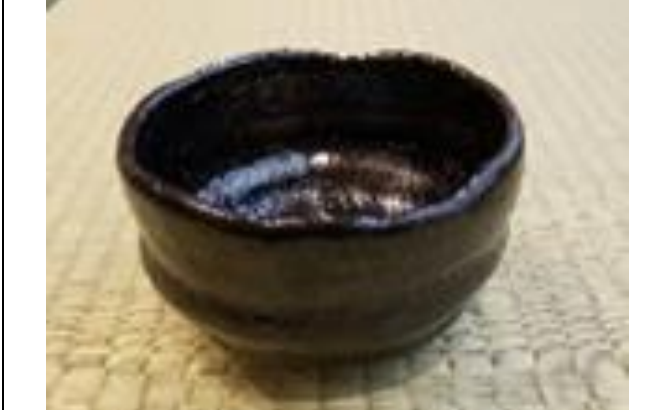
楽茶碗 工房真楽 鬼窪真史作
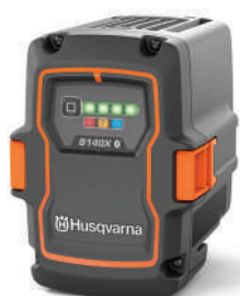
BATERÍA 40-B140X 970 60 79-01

*-*-*

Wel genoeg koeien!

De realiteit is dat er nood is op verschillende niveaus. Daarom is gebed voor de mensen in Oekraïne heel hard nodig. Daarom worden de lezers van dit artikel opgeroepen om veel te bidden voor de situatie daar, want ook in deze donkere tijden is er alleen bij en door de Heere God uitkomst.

*-*-*

Work instructions: Reproduce, exactly as they stand in the data above, the lines from the one that holds "Wel genoeg koeien!" to the one that holds "De realiteit is", inclusive.

Exercise solution:
Wel genoeg koeien!

De realiteit is dat er nood is op verschillende niveaus. Daarom is gebed voor de mensen in Oekraïne heel hard nodig. Daarom worden de lezers van dit artikel opgeroepen om veel te bidden voor de situatie daar, want ook in deze donkere tijden is er alleen bij en door de Heere God uitkomst.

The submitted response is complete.